§ **TASK TO CARRY OUT**
Give the listing back in full, exactly as written, with the pictures removed.

§ **DATA EXTRACT**
-- Opening Marker --
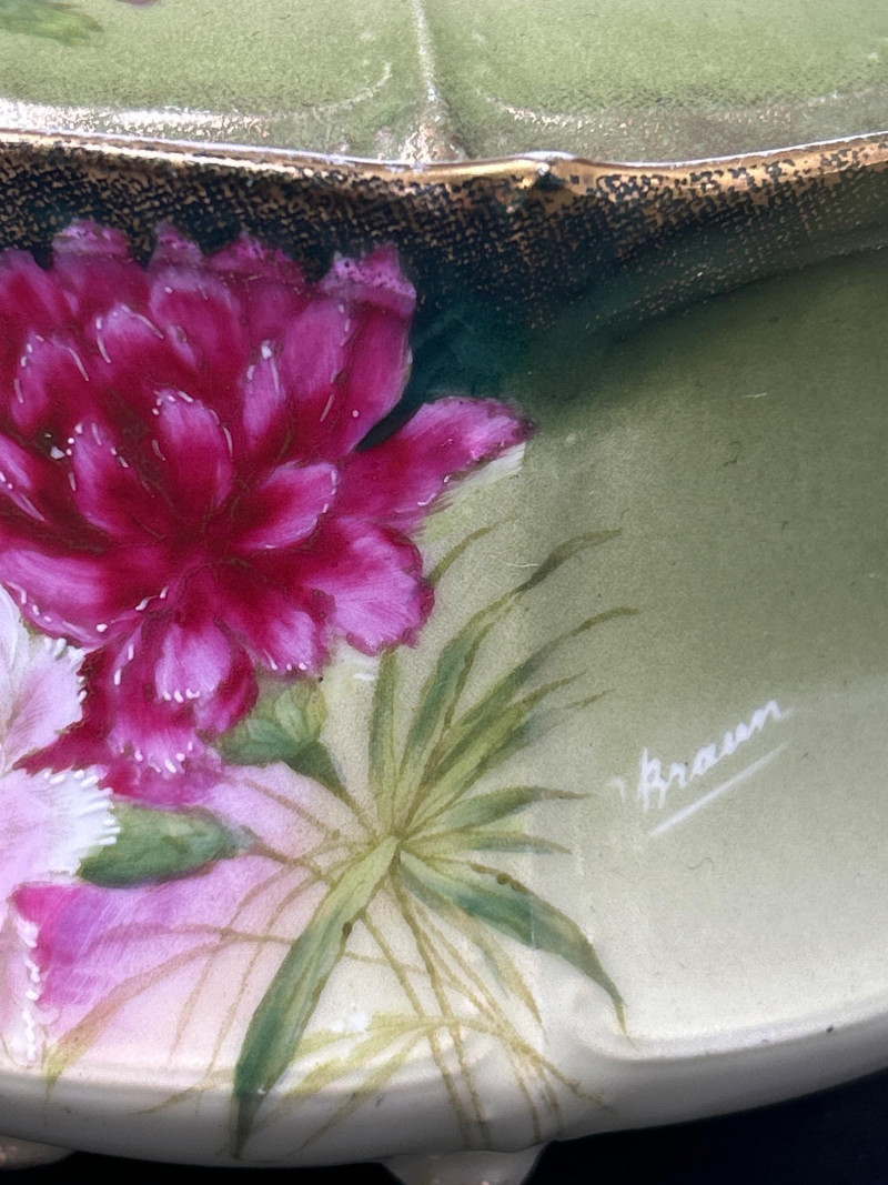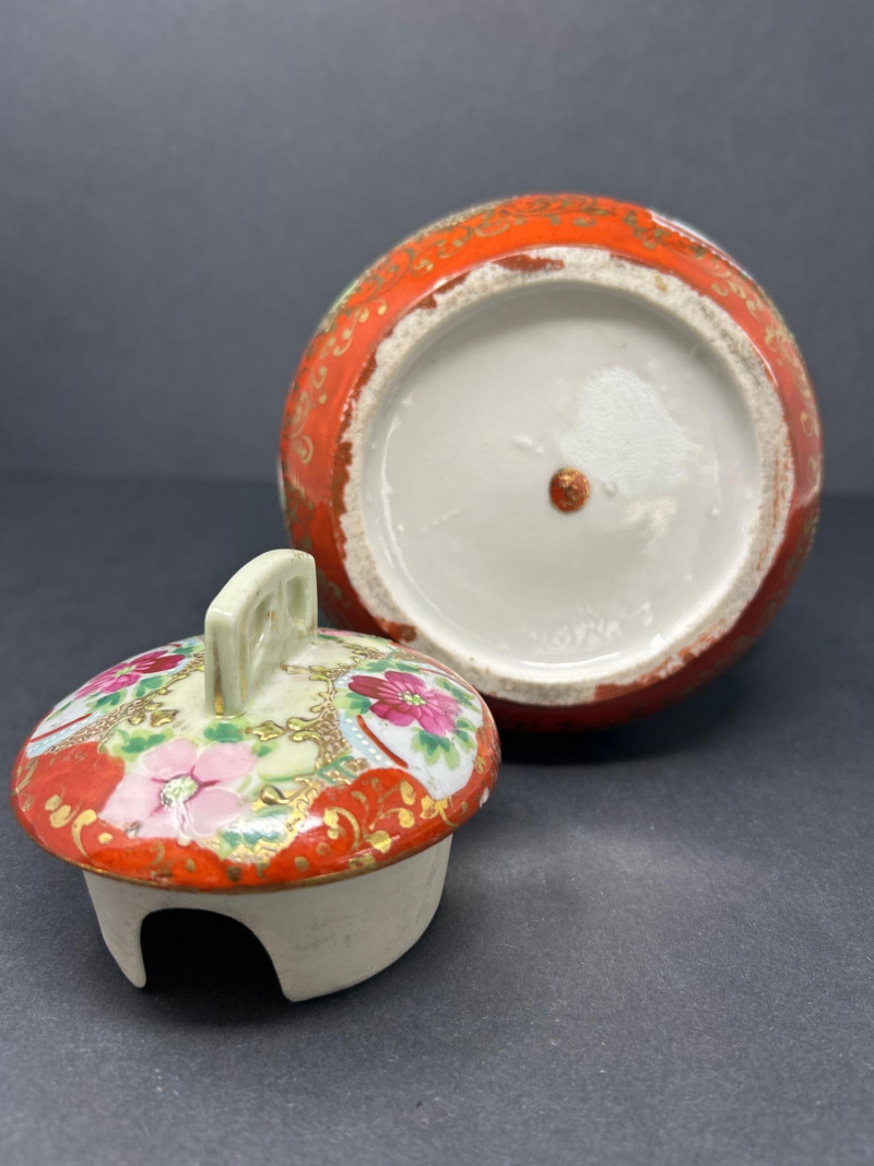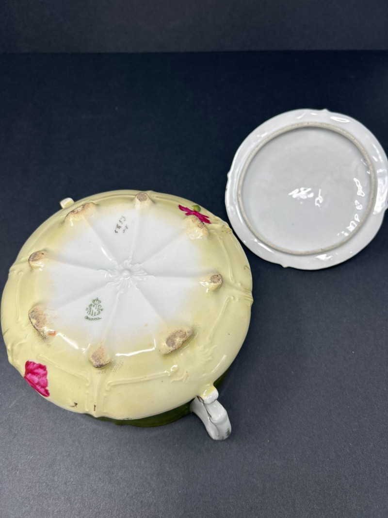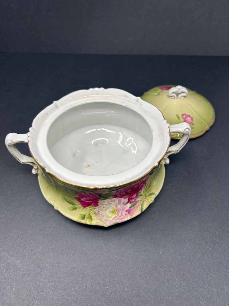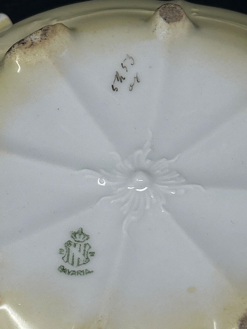 A charming duo of antique porcelain serving pieces: Chocolate Pot: Nippon origin, standing 10" tall. Features classic hand-painted detailing, likely floral or gilt, in the tradition of early 20th-century Japanese export ware. Sugar Dish: Bavarian-made, 6" tall and 7" wide. Typically adorned with romantic florals and gold accents, this piece complements the chocolate pot with European elegance.
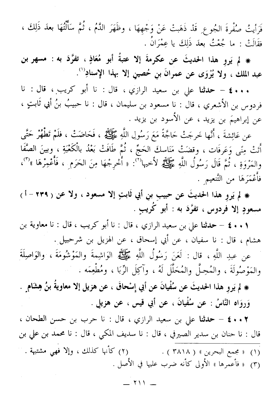 4001 - حَدَّثَنَا عَلِيُّ بْنُ سَعِيدٍ الرَّازِيُّ قَالَ: نا أَبُو كُرَيْبٍ قَالَ: نا مُعَاوِيَةُ بْنُ هِشَامٍ قَالَ: نا سُفْيَانُ، عَنْ أَبِي إِسْحَاقَ، عَنِ الْهُزَيْلِ بْنِ شُرَحْبِيلَ، عَنْ عَبْدِ اللَّهِ قَالَ: «§لَعَنَ رَسُولُ اللَّهِ صَلَّى اللهُ عَلَيْهِ وَسَلَّمَ الْوَاشِمَةَ وَالْمَوْشُومَةَ، وَالْوَاصِلَةَ وَالْمَوْصُولَةَ، وَالْمُحِلَّ وَالْمُحَلَّلَ لَهُ، وَآكِلَ الرِّبَا، وَمَطْعِمَهُ»
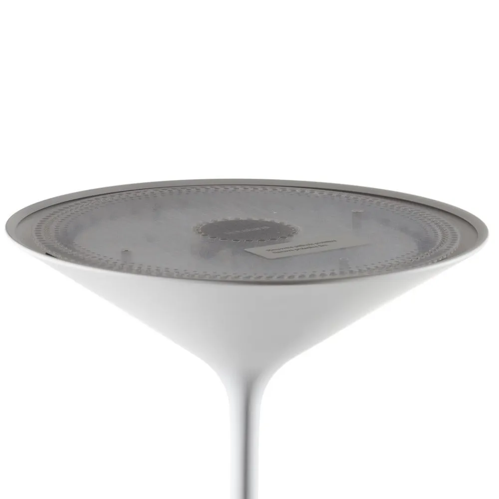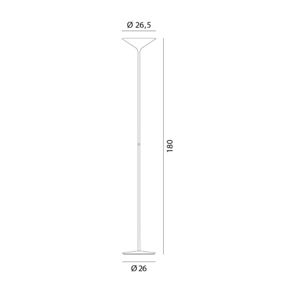 Designerne Giovanni Lauda og Dante Donegani blev inspireret af et cocktailglas til designet af gulvlampen Dry. Ud fra den skiveformede fod rager en lang, rund stang i stil med glasset, der går ubesværet over i den tragtformede skærm, som åbner opad.
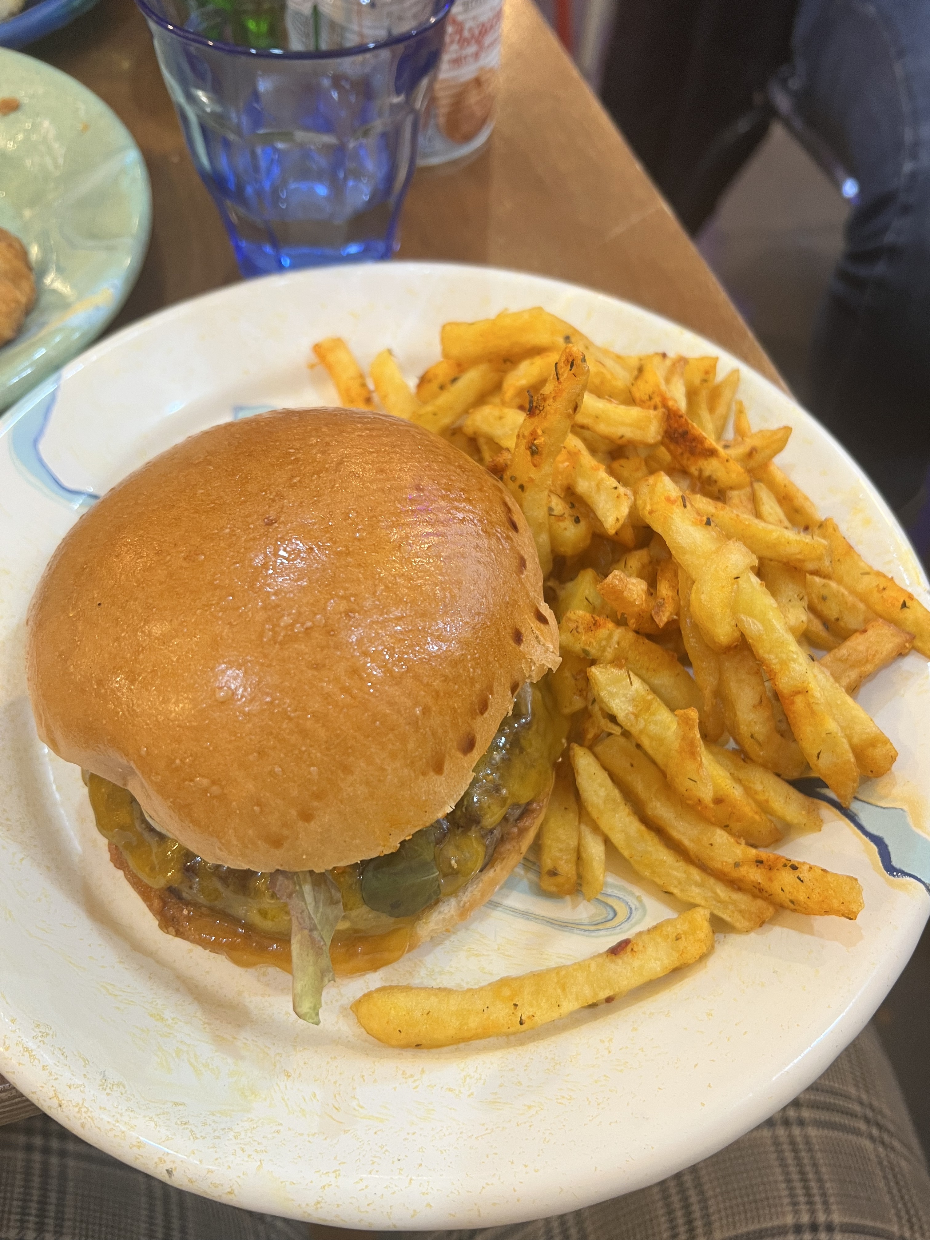Alors en trainant sur instagram, j’ai été très influencé pour tester ce restaurant. En toute honnêteté, je suis resté un peu déçu. La décoration est top, une bonne playlist, le personnel souriant d’où la note de 3 mais le repas n’était pas à la hauteur de mes espérances.Les frites étaient froides comme un peu rassis, le burger (Kin la belle) plutôt bon mais tiède. Le tout pour 17,50 euros ce qui m’a paru énorme par rapport à la qualité du plat. 😅 Je n’aime pas critiquer mais entre ce qu’on nous vend sur les réseaux et la réalité c’est different. Peut être que je ne suis pas venu le bon jour.
-- Closing Marker --
§ **RESPONSE TO THIS EXERCISE**
 A charming duo of antique porcelain serving pieces: Chocolate Pot: Nippon origin, standing 10" tall. Features classic hand-painted detailing, likely floral or gilt, in the tradition of early 20th-century Japanese export ware. Sugar Dish: Bavarian-made, 6" tall and 7" wide. Typically adorned with romantic florals and gold accents, this piece complements the chocolate pot with European elegance.
 4001 - حَدَّثَنَا عَلِيُّ بْنُ سَعِيدٍ الرَّازِيُّ قَالَ: نا أَبُو كُرَيْبٍ قَالَ: نا مُعَاوِيَةُ بْنُ هِشَامٍ قَالَ: نا سُفْيَانُ، عَنْ أَبِي إِسْحَاقَ، عَنِ الْهُزَيْلِ بْنِ شُرَحْبِيلَ، عَنْ عَبْدِ اللَّهِ قَالَ: «§لَعَنَ رَسُولُ اللَّهِ صَلَّى اللهُ عَلَيْهِ وَسَلَّمَ الْوَاشِمَةَ وَالْمَوْشُومَةَ، وَالْوَاصِلَةَ وَالْمَوْصُولَةَ، وَالْمُحِلَّ وَالْمُحَلَّلَ لَهُ، وَآكِلَ الرِّبَا، وَمَطْعِمَهُ»
 Designerne Giovanni Lauda og Dante Donegani blev inspireret af et cocktailglas til designet af gulvlampen Dry. Ud fra den skiveformede fod rager en lang, rund stang i stil med glasset, der går ubesværet over i den tragtformede skærm, som åbner opad.
Alors en trainant sur instagram, j’ai été très influencé pour tester ce restaurant. En toute honnêteté, je suis resté un peu déçu. La décoration est top, une bonne playlist, le personnel souriant d’où la note de 3 mais le repas n’était pas à la hauteur de mes espérances.Les frites étaient froides comme un peu rassis, le burger (Kin la belle) plutôt bon mais tiède. Le tout pour 17,50 euros ce qui m’a paru énorme par rapport à la qualité du plat. 😅 Je n’aime pas critiquer mais entre ce qu’on nous vend sur les réseaux et la réalité c’est different. Peut être que je ne suis pas venu le bon jour.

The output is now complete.